• _Available data_:

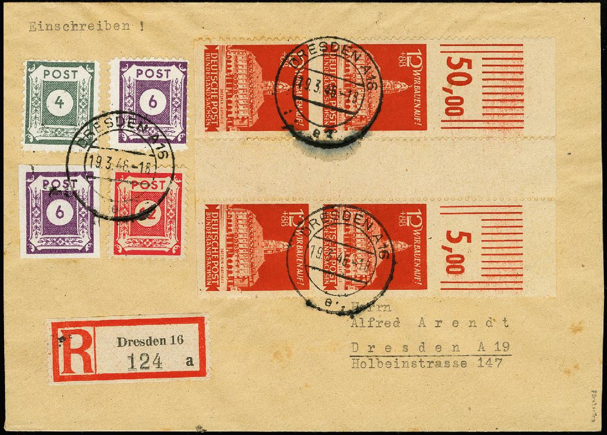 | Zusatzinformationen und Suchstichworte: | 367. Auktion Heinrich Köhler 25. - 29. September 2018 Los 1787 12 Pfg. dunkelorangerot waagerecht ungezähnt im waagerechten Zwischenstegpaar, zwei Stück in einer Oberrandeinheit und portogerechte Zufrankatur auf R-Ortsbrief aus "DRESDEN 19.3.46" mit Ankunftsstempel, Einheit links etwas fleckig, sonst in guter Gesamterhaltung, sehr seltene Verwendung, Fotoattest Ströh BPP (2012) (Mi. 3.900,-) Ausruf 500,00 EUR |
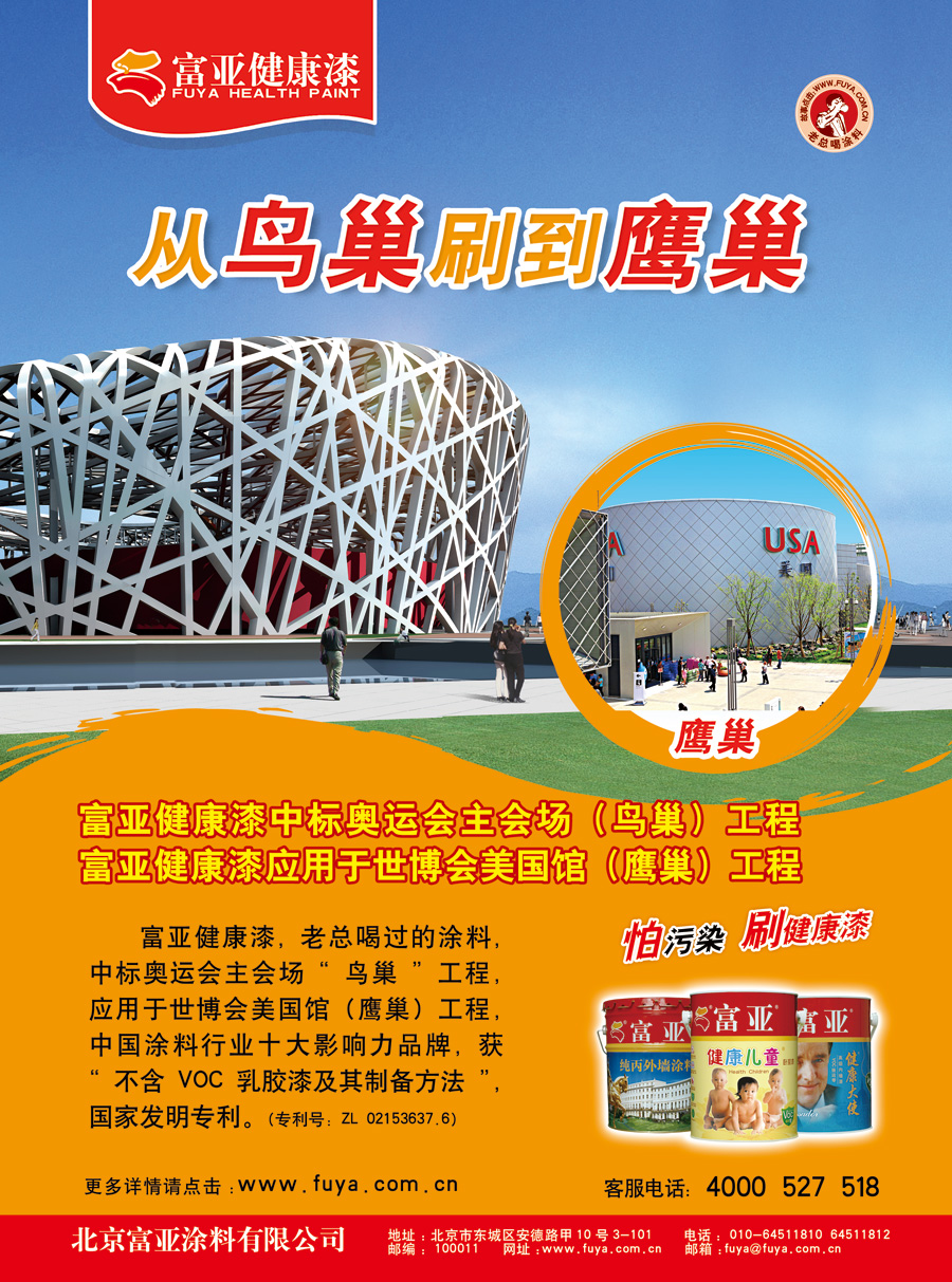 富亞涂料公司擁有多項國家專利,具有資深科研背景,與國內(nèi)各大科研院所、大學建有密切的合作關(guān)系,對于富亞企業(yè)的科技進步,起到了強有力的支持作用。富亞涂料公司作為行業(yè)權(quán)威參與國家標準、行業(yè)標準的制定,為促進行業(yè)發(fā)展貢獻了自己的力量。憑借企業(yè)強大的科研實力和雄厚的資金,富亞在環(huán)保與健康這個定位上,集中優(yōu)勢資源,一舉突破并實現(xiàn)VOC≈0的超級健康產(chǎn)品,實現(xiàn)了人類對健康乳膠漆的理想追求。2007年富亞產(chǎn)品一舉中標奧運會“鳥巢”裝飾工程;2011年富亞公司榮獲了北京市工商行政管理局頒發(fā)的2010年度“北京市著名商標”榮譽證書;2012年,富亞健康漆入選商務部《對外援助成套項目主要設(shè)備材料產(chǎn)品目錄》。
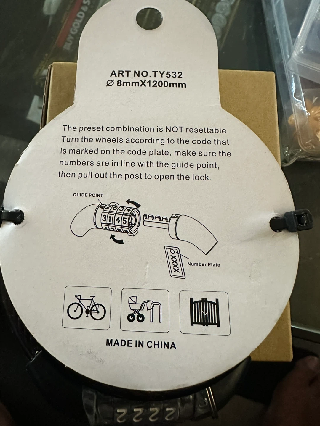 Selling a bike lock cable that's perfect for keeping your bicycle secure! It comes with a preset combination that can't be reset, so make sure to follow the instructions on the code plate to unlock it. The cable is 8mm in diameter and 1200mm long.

• _Task details_: The listing above must be given again exactly, minus its pictures.

• _Answer below_:
 | Zusatzinformationen und Suchstichworte: | 367. Auktion Heinrich Köhler 25. - 29. September 2018 Los 1787 12 Pfg. dunkelorangerot waagerecht ungezähnt im waagerechten Zwischenstegpaar, zwei Stück in einer Oberrandeinheit und portogerechte Zufrankatur auf R-Ortsbrief aus "DRESDEN 19.3.46" mit Ankunftsstempel, Einheit links etwas fleckig, sonst in guter Gesamterhaltung, sehr seltene Verwendung, Fotoattest Ströh BPP (2012) (Mi. 3.900,-) Ausruf 500,00 EUR |
 富亞涂料公司擁有多項國家專利,具有資深科研背景,與國內(nèi)各大科研院所、大學建有密切的合作關(guān)系,對于富亞企業(yè)的科技進步,起到了強有力的支持作用。富亞涂料公司作為行業(yè)權(quán)威參與國家標準、行業(yè)標準的制定,為促進行業(yè)發(fā)展貢獻了自己的力量。憑借企業(yè)強大的科研實力和雄厚的資金,富亞在環(huán)保與健康這個定位上,集中優(yōu)勢資源,一舉突破并實現(xiàn)VOC≈0的超級健康產(chǎn)品,實現(xiàn)了人類對健康乳膠漆的理想追求。2007年富亞產(chǎn)品一舉中標奧運會“鳥巢”裝飾工程;2011年富亞公司榮獲了北京市工商行政管理局頒發(fā)的2010年度“北京市著名商標”榮譽證書;2012年,富亞健康漆入選商務部《對外援助成套項目主要設(shè)備材料產(chǎn)品目錄》。
 Selling a bike lock cable that's perfect for keeping your bicycle secure! It comes with a preset combination that can't be reset, so make sure to follow the instructions on the code plate to unlock it. The cable is 8mm in diameter and 1200mm long.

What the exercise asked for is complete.